The album includes a cyclostyled booklet with an introduction by Lampell, and the spoken and sung words. It has been re-released several times.

==Track listing==
The album does not credit songwriters, but they are easy to identify.
1. "Stagolee" (trad.)
2. Children's songs:
  1. "Little Sack of Sugar" (trad.)
  2. "Ship in the Sky" (Guthrie)
  3. "Swim, Swim, Swimmy I Swim" (trad.)
3. "Vigilante Man" (Guthrie) (One of the Dust Bowl Ballads)
4. "Do Re Mi" (Guthrie) (One of the Dust Bowl Ballads)

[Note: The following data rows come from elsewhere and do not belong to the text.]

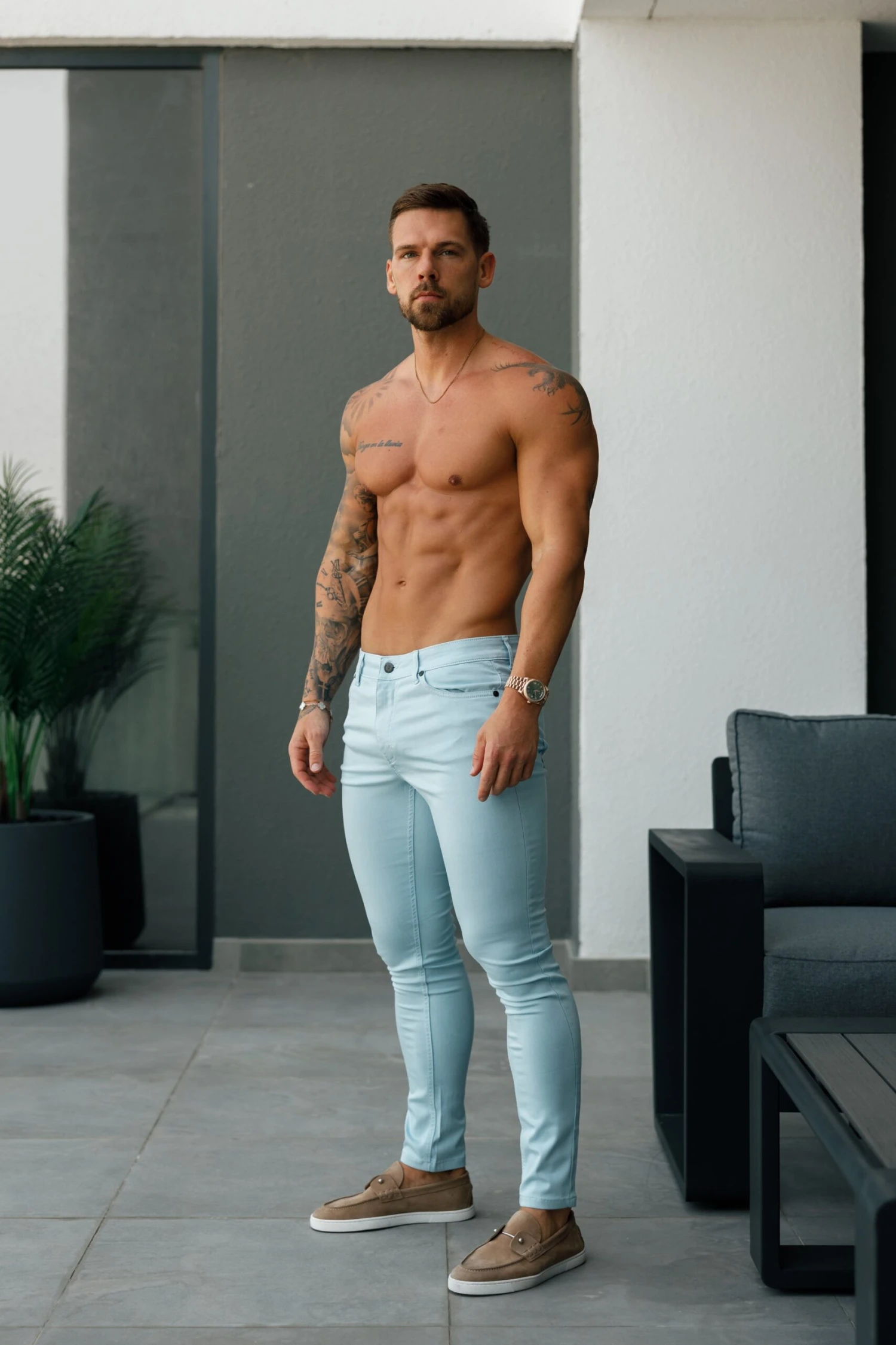 – Cotton/Elastane for the perfect stretch fit
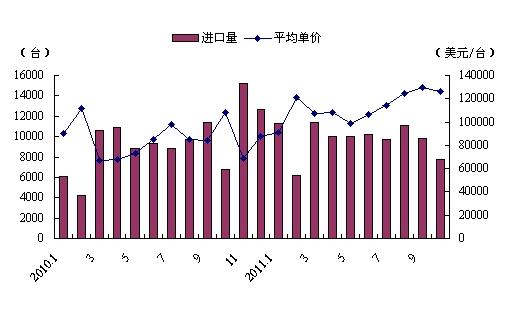 2011年1~10月,我國累計進口金屬加工機床9.85萬臺,比2010年同期的8.62萬臺增長了14.3%;進口金額為108.93億美元,比2010年同期的72.81億美元增長了49.6%;平均進口單價為11.06萬美元/臺,比2010年同期的8.47萬美元/臺增長了30.9%。
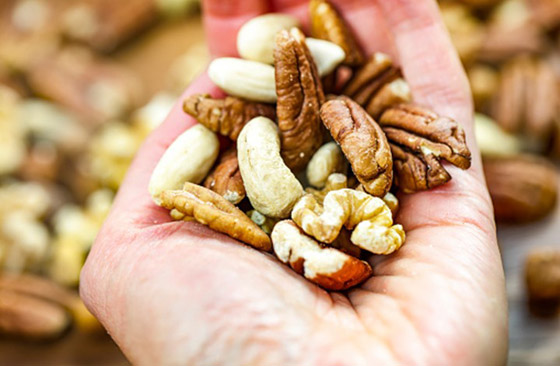 وبالإضافة إلى الدهون الصحية، تحتوي المكسرات أيضاً على الكثير من المواد النباتية الثانوية والألياف والفيتامينات والمعادن والعناصر النزرة، كما أنها تمثل مصادر جيدة للبروتين. ونتيجة لذلك، فإنها تساعد على الشعور بالشبع لمدة طويلة، ومن ثم تمنع نوبات الجوع الشديدة، مما يساعد في إنقاص الوزن والتمتع بالرشاقة.
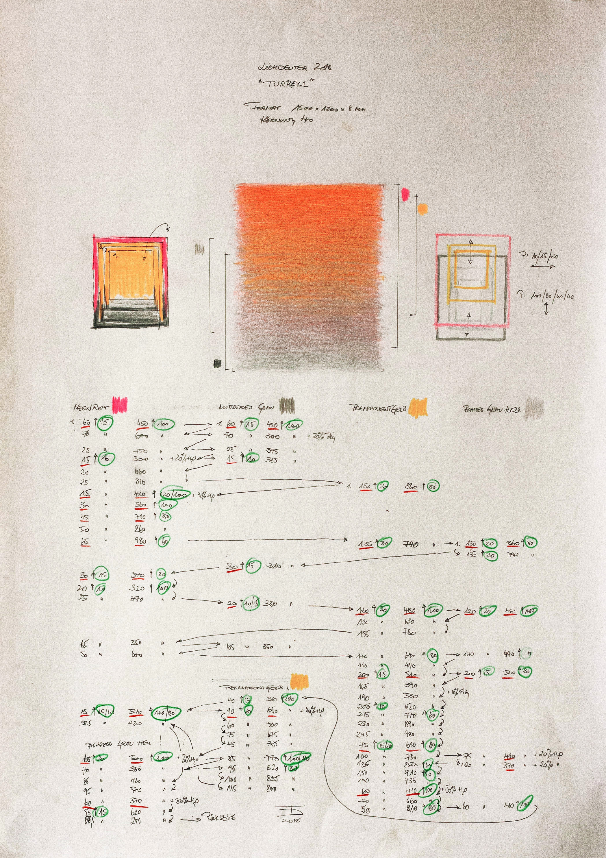 Titel: Lichtdeuter 2018 Turell Jahr: 2018 Kategorien: Lichtdeuter Technik: Acryl auf Acrylglas Größe: 150 x 120 cm Sammlung: Privatsammlung Untertitel: Partitur, Mischtechnik auf Papier, 70 x 50 cm
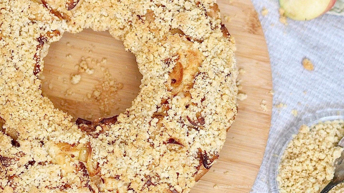 Сверху выложить яблочную начинку и засыпать крошкой. - Шаг 8
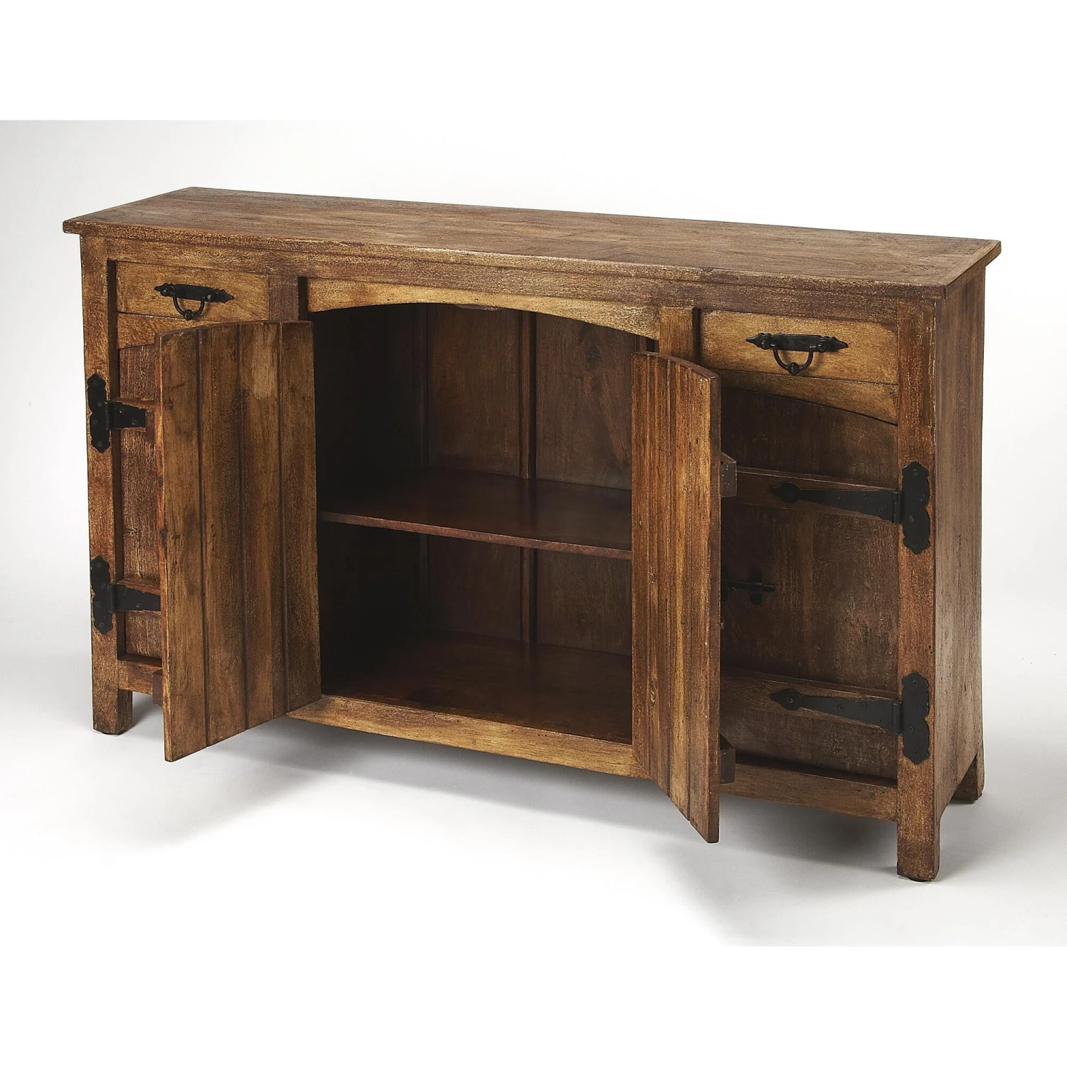 Modern entertainment meets rustic design in this solid wood sideboard. Each piece is uniquely characterized by natural color variations and hand finishing techniques reminiscent of the reclaimed look. Its ample interior is perfect for stowing some of lifes most important necessities whether it be stemware, linens, spirits or otherwise.
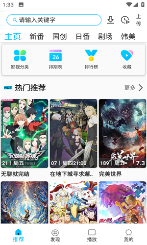 3、全新上线升级的智能动漫推荐板块,漫友每天都可以在推荐上看到不同的动漫番剧。
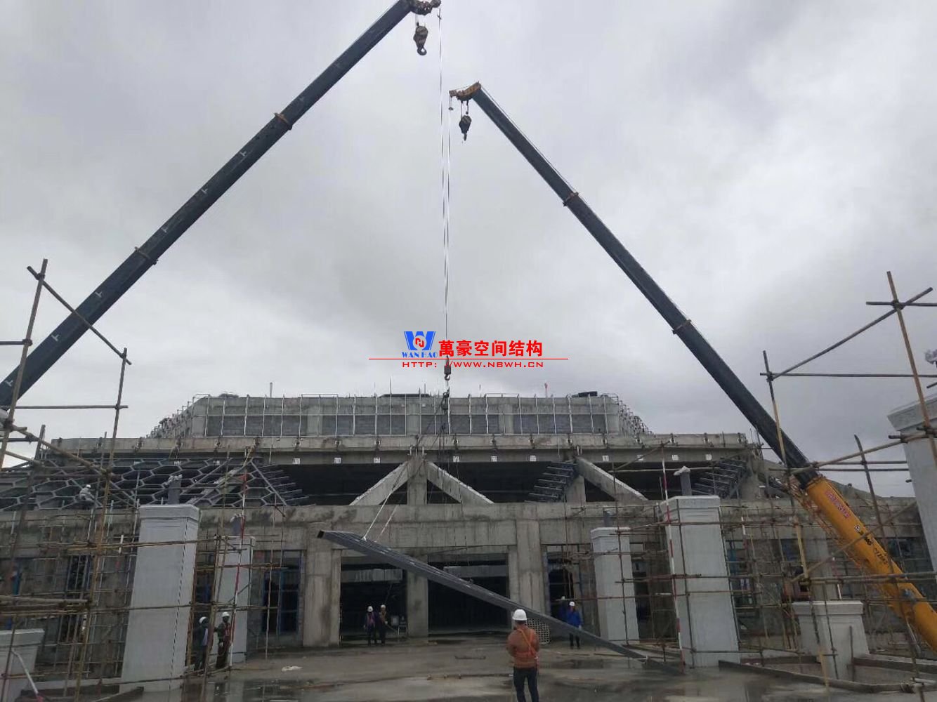 目前,主樓六邊形、二樓斜屋面每面四根大梁已全部安裝完畢,現(xiàn)在一個面的其他鋼構(gòu)正在安裝中,穹頂大梁框架完成。
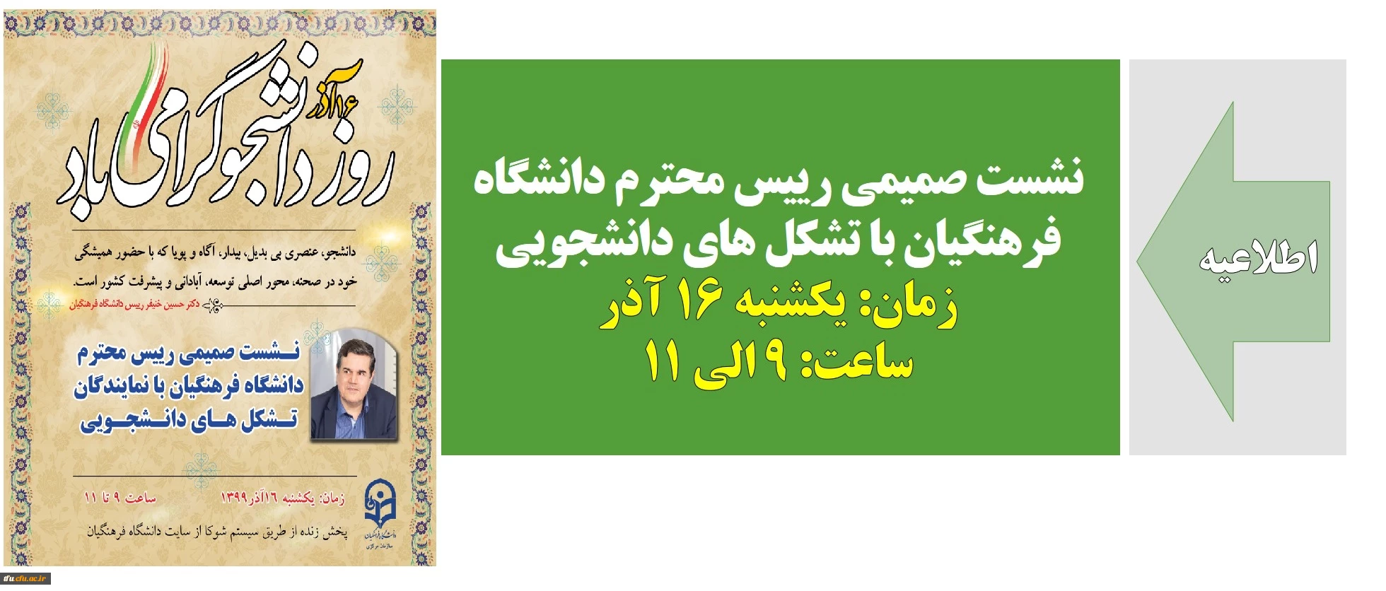 امتیاز دهید : نشست صمیمی رییس محترم دانشگاه فرهنگیان با تشکل های دانشجویی 2 یکشنبه 16 آذر 1399 ساعت 8:46
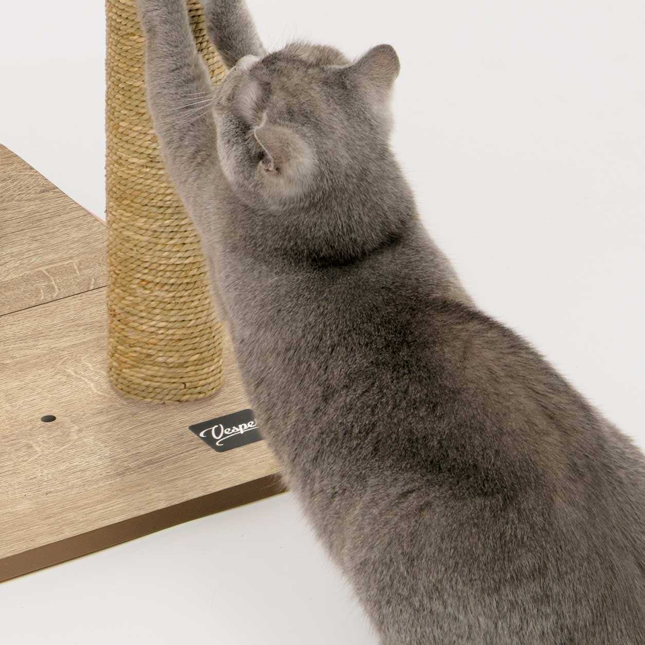 Vesper High Base – Oak Tall furniture for cats that love to sit up high Extra-long seagrass scratching post Tall observation platform High-quality MDF with oak-look laminate finish Cozy cubed den with two entrances Memory-foam cushions Easy to clean Replaceable parts available Also available in walnut The Vesper High Base is an excellent observation deck for cats that love to sit up high. The tall and slim scratching poles encourage extensive scratching in an elongated posture while the cubed den provides a cozy space for a nap. Cozy cubed den with two entrances The cozy cubed den is perfect for lounging and napping. The den has two entrances so your cat won’t feel cornered. Memory foam cushions The memory foam inside the soft cushions molds exactly to the body shape of your cat, providing your beloved feline with extra comfort. Easy to clean, with individual replacement parts The cushions and scratching mats can easily be removed for cleaning. Both the cushions and the mats are hand-washable. Replacement parts are available in case any part of your scratcher gets worn out. Extra-long seagrass scratching post The tall and slim scratching poles encourage extensive scratching in an elongated posture. They are made out of sturdy natural-colored seagrass.
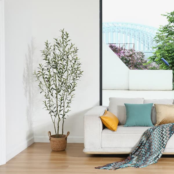 6 ft. Artificial Plastic Olive Tree in Pot, Pre-Potted Faux Greenery Olive Plant for Home Decor
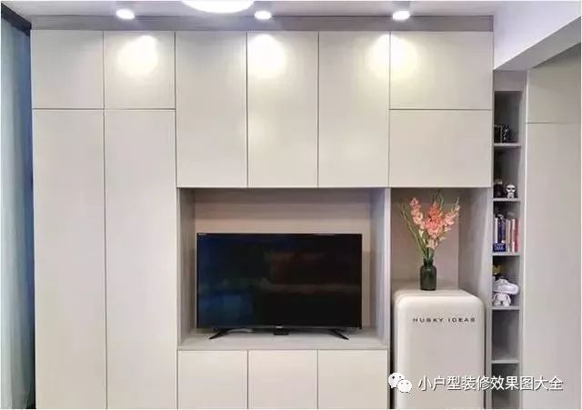 电视背景墙和玄关是一个整体的定制橱柜,电视和小冰箱就内嵌在这个大橱柜里,电视橱柜上房还有几盏筒灯装饰,简单却很实用。
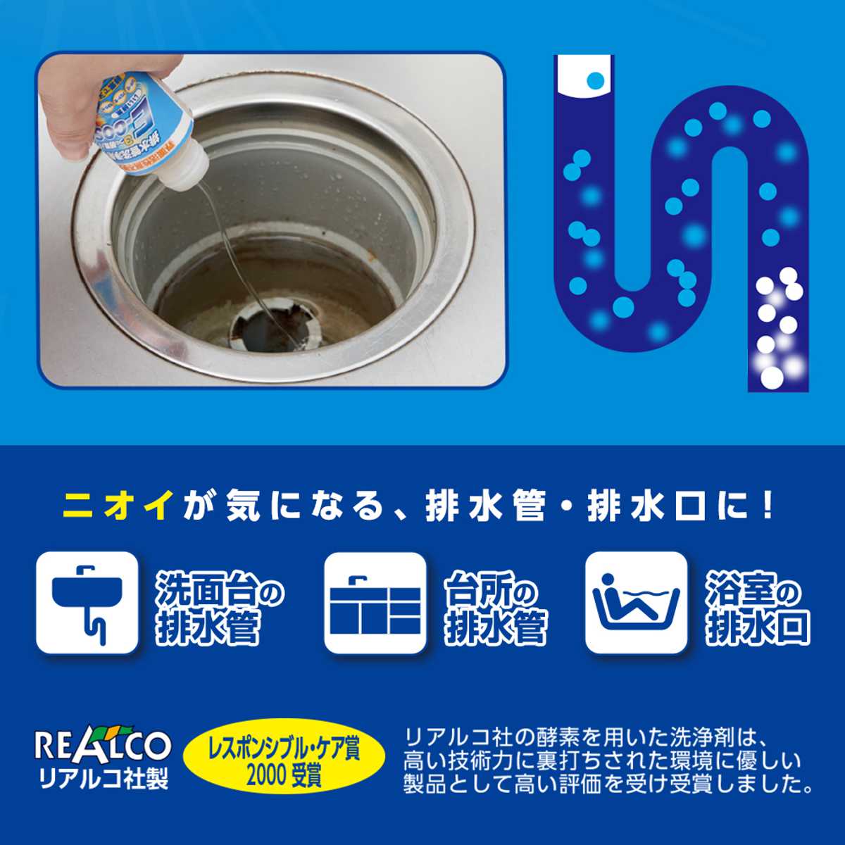 3つの酵素で排水口のヌメリや汚れを分解●3つの酵素でヌメリや汚れを分解する排水口クリーナーです。
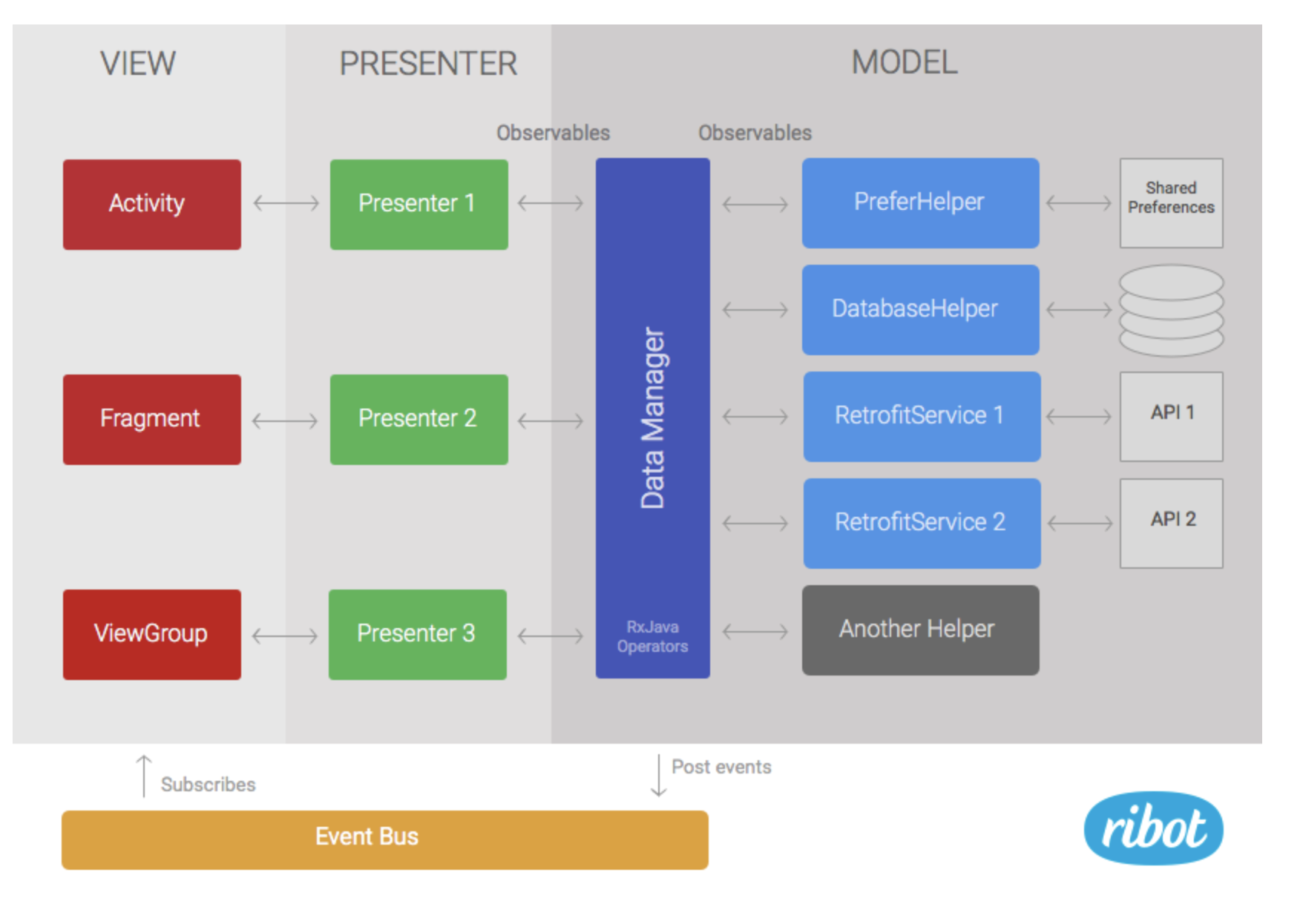与常规的 MVP 不同的是,在 modle 层和 view 层通过EventBus 连接,当数据发生变化时,发出对应的 event,注册了这个 event 的 view会采取对应的措施。举个例子,退出登录用在这样的情形就很合适,在退出登录后,我们可能不止一个 view 会发生变化,如果把这些写在每一个 Presenter 中无疑是很不简洁的代码
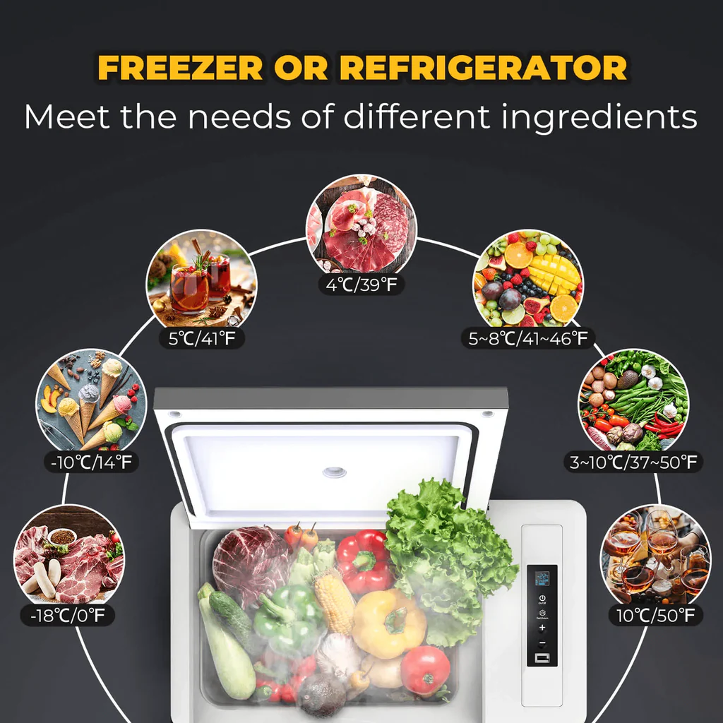 With the compressor refrigeration technology, BougeRV 30 Quart Portable Refrigerator can achieve 16 minutes of rapid cooling to keep food fresh.

5. "Pastures of Plenty" (Guthrie)
6. "Grand Coulee Dam" (Guthrie)
7. "This Land Is Your Land" (Guthrie)
8. "Talking Fish Blues" (Guthrie)
9. "The Sinking of the Reuben James" (Guthrie)
10. "Jesus Christ" (Guthrie)
11. "There's a Better World a-Coming" (Guthrie)

There is an uncredited additional singer on "There's a Better World a-Coming", who may be Guthrie's frequent collaborator Cisco Houston.